_Activity_
Copy the lines below as they are; omit the images they contain.

_Dataset excerpt_
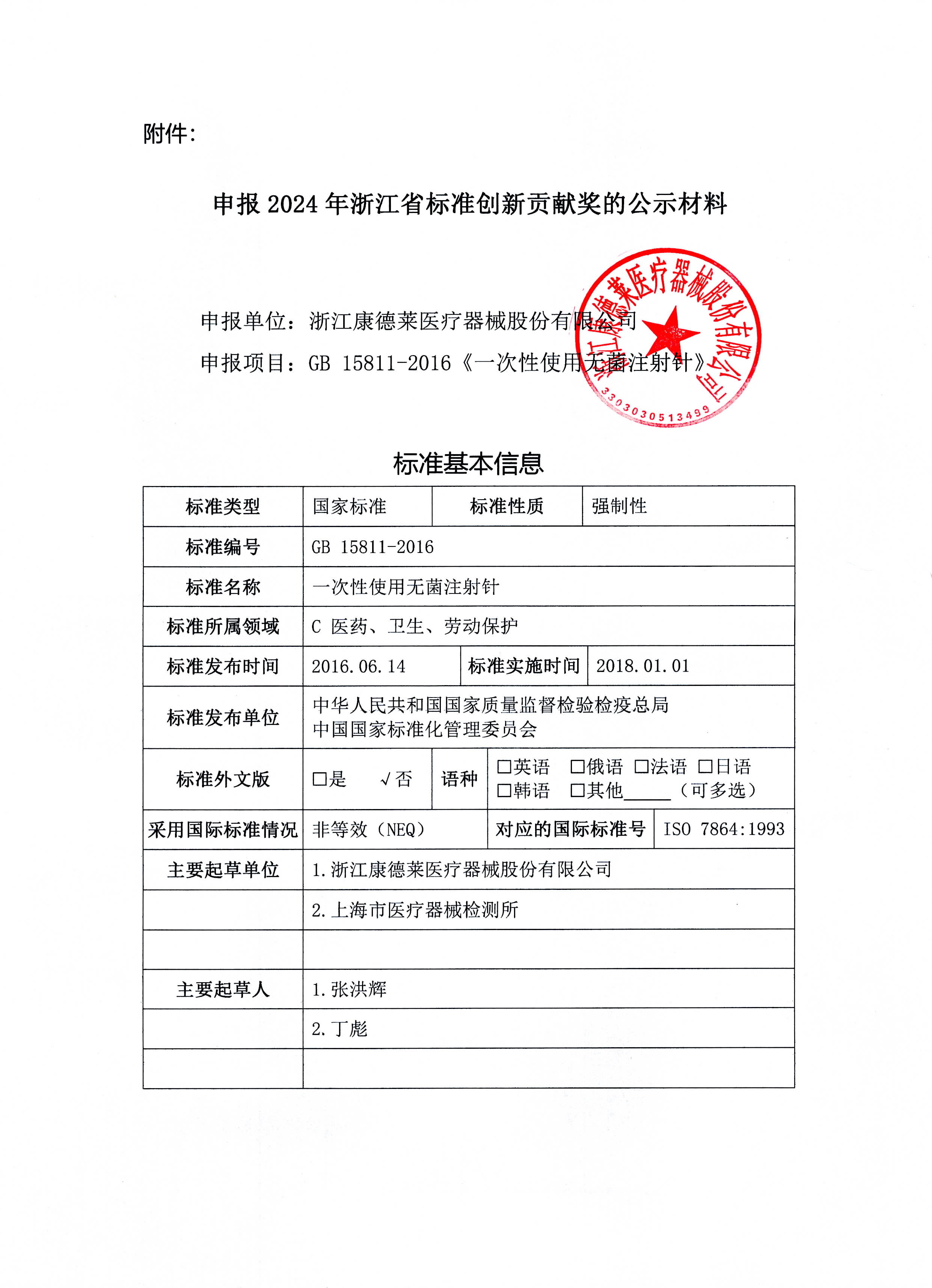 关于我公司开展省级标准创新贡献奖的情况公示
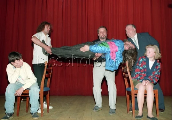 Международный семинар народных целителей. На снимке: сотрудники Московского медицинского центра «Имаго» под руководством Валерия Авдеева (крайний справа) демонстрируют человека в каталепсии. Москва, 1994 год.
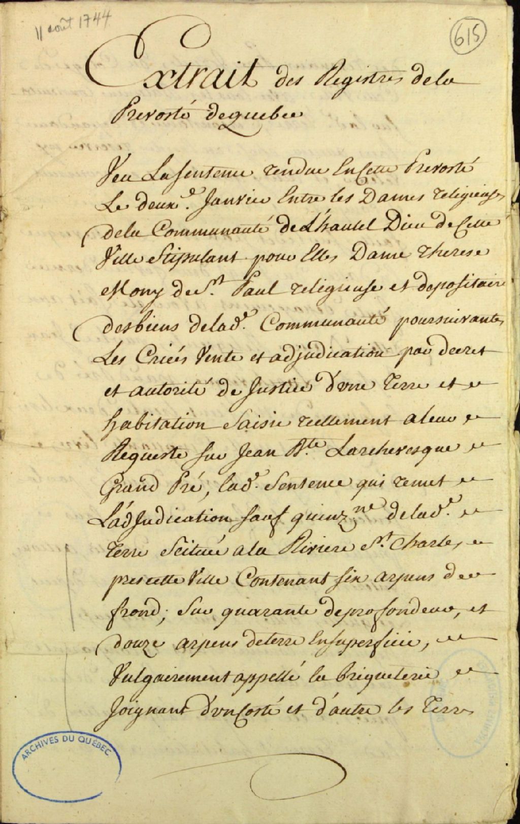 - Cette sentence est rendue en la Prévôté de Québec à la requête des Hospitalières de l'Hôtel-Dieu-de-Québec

_Result_
 关于我公司开展省级标准创新贡献奖的情况公示
 Международный семинар народных целителей. На снимке: сотрудники Московского медицинского центра «Имаго» под руководством Валерия Авдеева (крайний справа) демонстрируют человека в каталепсии. Москва, 1994 год.
 - Cette sentence est rendue en la Prévôté de Québec à la requête des Hospitalières de l'Hôtel-Dieu-de-Québec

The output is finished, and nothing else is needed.